Case ID: ohio-law-abs_12/html/0492-01.html
Source: Caselaw Access Project
Author: {"author": "\n      VICKERY, J.", "license": "Public Domain", "url": "https://static.case.law/"}
Date Created: 2024-08-24T03:29:51.129683

METROPOLITAN SECURITIES CO v KALFAS
    Ohio Appeals, 8th Dist, Cuyahoga Co
    No 12026.
    Decided Oct 26, 1931
    
      Bulkley, Hauxhurst, Jamison and Sharp, Cleveland, for plaintiff in error.
    Fred E. Wirtshafter and I. E. Gilden, Cleveland, for defendant in error.
   VICKERY, J.

Several errors are urged why this judgment should be reversed and all we need to discuss is the charge of the court. One has only to read the charge to see how little the court comprehended the nature of the action that was pending before it. That part of it now referred to is as follows:

“So the only question for the jury to determine is, in taking the car did the defendant use that degree of care, did he use that utmost care, that is the highest degree of care, which an ordinarily prudent person, an intelligent person, would use in preserving the interests of the plaintiff at this particular sale?”

What in the.world that had to do with the suit before the court is beyond this court to discover. We have asked the learned counsel for the defendant in error to explain it and he is not able to convey any better notion to the court as to what the charge means than the court itself. Remember this is an action in conversion and if the car was converted it was converted purposely with the obvious intention to appropriate the car, and so the question of “care” such as is described in this charge was utterly beside the question and had nothing to do with it; and if there were no other error in the record than this, it would compel the court to reverse the judgment.

But coming again to the same charge on the measure of damages, it would be difficult to find another charge like. it.
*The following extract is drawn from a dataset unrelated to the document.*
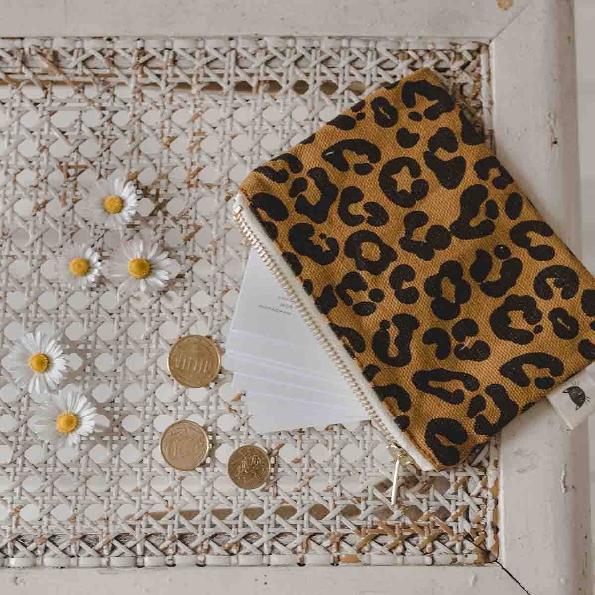 Diese kleine Geldbörse im angesagten Leopardenlook passt einfach zu jeder Mama. Hergestellt zu 100% aus Baumwolle und nachhaltig in Portugal produziert.

That part of the charge now referred to is as follows:

“Now, if you believe from a preponderance of the evidence, ladies and gentlemen of the jury, that this car at the particular time it was taken from the plaintiff was worth $1500, and if you further believe that it was sold at a price which would shock the conscience of an ordinarily prudent and intelligent person, and it was sold or bought by this defendant for the sum of. $750, then, ladies and gentlemen of the jury, it is your duty to determine what particular price between $750 and $1500 would be, under all of the circumstances, a reasonable price for that particular automobile,”

Our judugment is that if the plaintiff was entitled to recover in the court below, it would be the difference between the value of the car as it was when it was sold and converted by the defendant below and the amount which the defendant had the car sold for; and the “shocking of conscience”, no matter how tender it might be, would have nothing to do with the liability of the defendant for wrongfully converting the cár. For this reason we would be compelled to reverse this case.

The judgment of the writer of this opinion is that inasmuch as this car was sold at public venue at a bailiff’s sale, the purchaser, or the Metropolitan Securities Corporation, would only have to be accountable for what it brought. There probably is no rule' or law requiring other than a public notice being given in accordance with law, and not especially notifying the defendant that his car would be sold. The sale on execution is a matter of public record and is different than it would be if the company had taken the car on their mortgage and sold it under the mortgage. Then they probably would bs compelled to notify the defendant, the plaintiff, below, and would be accountable for the reasonable value of the car if they took it in for less than the reasonable value, but that rule does not obtain where it is sold on execution; so the writer of this opinion thinks that under no circumstances can the plaintiff below maintain this kind of a suit unless there was an agreement that was broken, but so far as that agreement is concerned, there v/as no consideration for it, and the agreement would not amount to anything as a legal contract unless it were based upon a consideration. All the money having become due, agreeing to pay a part of it or all of it would not be a consideration for an extension of time. There would have to be some new consideration outside of this sum and this record shows from the defendant in error’s own testimony that the parties did wait and kept this car long after the five or six weeks had passed.

So, under no circumstances, does the writer of this opinion think that a recovery could be had. It is admitted, however, in court by the able counsel for plaintiff in error that the defendant should have a credit for $117.48 representing installments that were received and for which credit had not been given; and if that were the only error in the judgment, we could modify it so that it would stand for that much, but the charge being so erroneous and so foreign to the matter in hand, the only thing we can do is to reverse the judgment and remand the case to the court below. At the same time we suggest that the parties had better get together and get the $117.48 that they admit owing and I suppose are ready to pay.

The Judgment will be reversed and the case remanded.

LEVINE, PJ, and WEYGANDT, J, concur.